◆ **Problem requirements**:
Only the lines below between the ones containing "2025年4月12日,bea" and "Through the San", inclusive, are to be reproduced, each exactly as it stands.
----- Stored data
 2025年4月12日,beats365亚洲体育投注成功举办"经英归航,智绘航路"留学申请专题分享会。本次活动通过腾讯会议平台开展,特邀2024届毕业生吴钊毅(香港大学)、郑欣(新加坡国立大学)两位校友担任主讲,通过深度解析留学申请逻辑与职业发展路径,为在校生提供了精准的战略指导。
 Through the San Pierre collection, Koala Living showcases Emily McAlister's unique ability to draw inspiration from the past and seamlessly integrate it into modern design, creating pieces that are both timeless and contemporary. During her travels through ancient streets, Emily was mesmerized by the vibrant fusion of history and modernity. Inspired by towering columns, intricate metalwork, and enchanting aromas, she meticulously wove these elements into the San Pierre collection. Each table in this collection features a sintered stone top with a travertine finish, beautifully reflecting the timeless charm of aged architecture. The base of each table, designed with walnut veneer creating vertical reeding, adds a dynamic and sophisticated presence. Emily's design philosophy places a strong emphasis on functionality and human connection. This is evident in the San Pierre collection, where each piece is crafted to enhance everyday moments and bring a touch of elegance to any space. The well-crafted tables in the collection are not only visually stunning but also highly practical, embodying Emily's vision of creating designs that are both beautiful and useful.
----------
----- Stored data
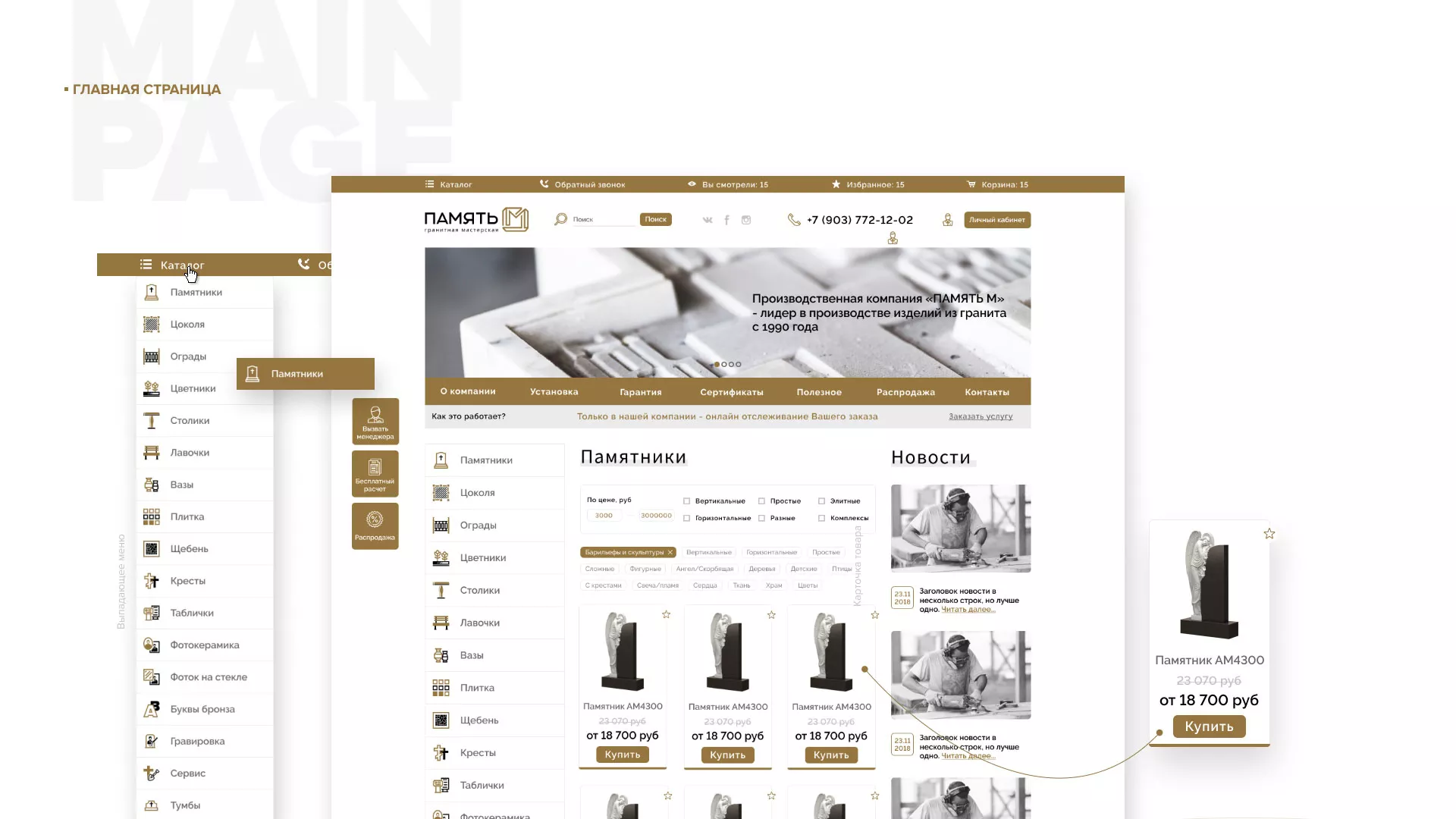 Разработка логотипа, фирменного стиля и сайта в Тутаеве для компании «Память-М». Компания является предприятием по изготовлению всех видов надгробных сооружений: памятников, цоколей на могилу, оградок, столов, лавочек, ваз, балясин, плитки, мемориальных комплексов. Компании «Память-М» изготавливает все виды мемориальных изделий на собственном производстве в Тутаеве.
----------
◆ **Result of the task**:
 2025年4月12日,beats365亚洲体育投注成功举办"经英归航,智绘航路"留学申请专题分享会。本次活动通过腾讯会议平台开展,特邀2024届毕业生吴钊毅(香港大学)、郑欣(新加坡国立大学)两位校友担任主讲,通过深度解析留学申请逻辑与职业发展路径,为在校生提供了精准的战略指导。
 Through the San Pierre collection, Koala Living showcases Emily McAlister's unique ability to draw inspiration from the past and seamlessly integrate it into modern design, creating pieces that are both timeless and contemporary. During her travels through ancient streets, Emily was mesmerized by the vibrant fusion of history and modernity. Inspired by towering columns, intricate metalwork, and enchanting aromas, she meticulously wove these elements into the San Pierre collection. Each table in this collection features a sintered stone top with a travertine finish, beautifully reflecting the timeless charm of aged architecture. The base of each table, designed with walnut veneer creating vertical reeding, adds a dynamic and sophisticated presence. Emily's design philosophy places a strong emphasis on functionality and human connection. This is evident in the San Pierre collection, where each piece is crafted to enhance everyday moments and bring a touch of elegance to any space. The well-crafted tables in the collection are not only visually stunning but also highly practical, embodying Emily's vision of creating designs that are both beautiful and useful.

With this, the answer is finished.